Mourners filed into the massive Word of Faith Cathedral west of Atlanta, taking their seats around a silver and gold casket surrounded by a sea of red roses.
“In her song No More Rain (In This Cloud),'” she says my sunshine is coming, and I’m all cried out,” filmmaker and entertainment executive Tyler Perry said at Friday's service.
“There’s no more rain in this cloud," he said. “The beauty of what she was talking about is when a cloud has no more tears, it dissipates, it’s gone.”
The song, like so many of Stone's hits, found great success. It reached No. 1 for 10 weeks on Billboard’s Adult R&B airplay chart.
The cargo van she was riding in flipped over and was then hit by a truck on March 1 near Montgomery, Alabama, music producer and Stone’s longtime manager Walter Millsap III has said. Everyone else in the van survived except Stone, who was 63. Online tributes from fans and fellow artists poured in after her death.
“God is good even when life is not, and so we celebrate the life of our sister that has been well-lived,” said Bishop Dale Bronner, the church’s senior pastor.
Many acclaimed musical artists performed at the service, including Keke Wyatt, Anthony Hamilton and Kirk Franklin.
Before Wyatt sang Friday, she recalled how Stone would call her in the middle of the night to pray with her or give her encouragement.
“She was so beautiful,” Wyatt said. “Like seriously, I love her music and I love her voice and all that. But her as a person trumps all of that.”
The church-grown singer was born in Columbia, where music was always in her life since she was a child, Stone told The Associated Press in a 1999 interview.
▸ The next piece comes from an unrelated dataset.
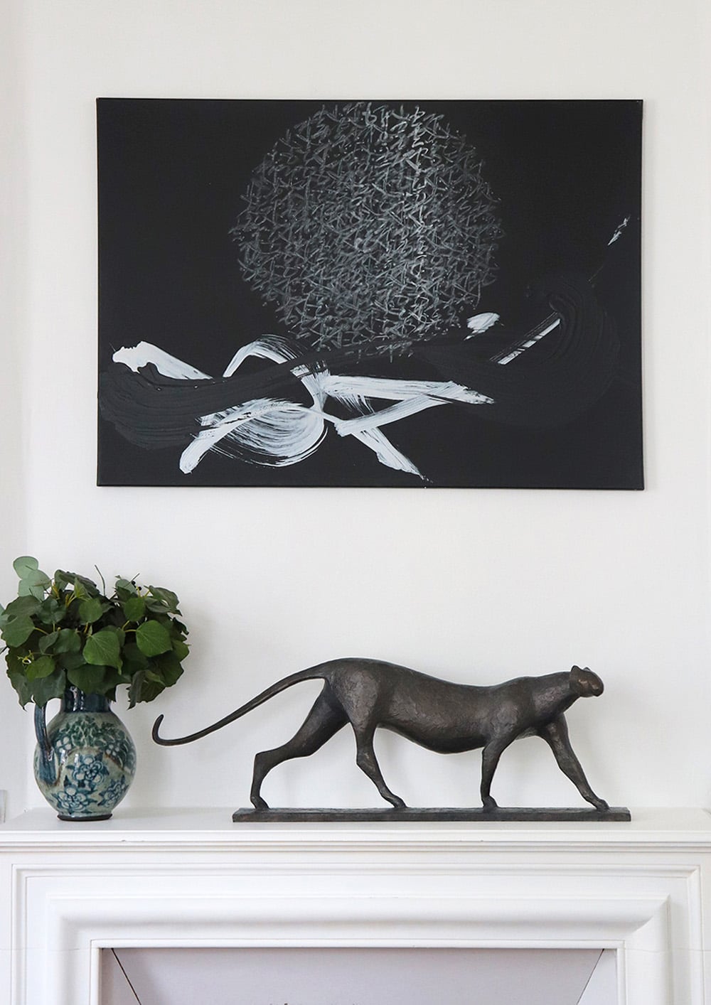 Feline VI is a bronze sculpture by the French contemporary artist Pierre Yermia, depicting a wild cat.

Her mother would sing around the house, and her father sang gospel and blues at establishments around Columbia.
Another service is planned on Saturday in Columbia, at First Nazareth Baptist Church.
Stone was a member of the all-female hip-hop trio The Sequence and known for the hit song “Wish I Didn’t Miss You.” She helped form The Sequence, the first all-female group on the hip-hop trailblazing imprint Sugar Hill Records, becoming one of the first female groups to record a rap song.
The group recorded “Funk You Up,” which has been sampled by numerous artists, including Dr. Dre.
After finding success in the early 1980s, Stone later joined the trio Vertical Hold before launching her solo career.
Stone created hits like “Baby” with legendary soul singer Betty Wright, another No. 1 hit; and “Wish I Didn’t Miss You” and “Brotha.”
She found a sweet spot in the early 2000s as neo-soul begin to dominate the R&B landscape with the emergence of singers like Erykah Badu, Jill Scott, Maxwell and D’Angelo.
Her 2001 album “Mahogany Soul” reached No. 22 on the Billboard 200, while 2007’s “The Art Of Love & War” peaked at No. 11.
A Soul Train Lady of Soul winner, Stone went on to showcase her acting chops with film roles in “The Hot Chick” starring Rob Schneider, “The Fighting Temptations,” which starred Cuba Gooding Jr. and Beyoncé, and “Ride Along” led by Ice Cube and Kevin Hart.
She also hit the Broadway stage as Big Mama Morton in “Chicago,” and she showcased her vulnerability on the reality TV shows “Celebrity Fit Club” and “R&B Divas: Atlanta.”
But her qualities as a person and her lasting imprint on people around her were qualities that kept coming up from speaker after speaker at Friday's service.
“This woman sewed good things to people, she sewed kindness to people, she sewed joy to people, she sewed love and her voice to people,” Perry said.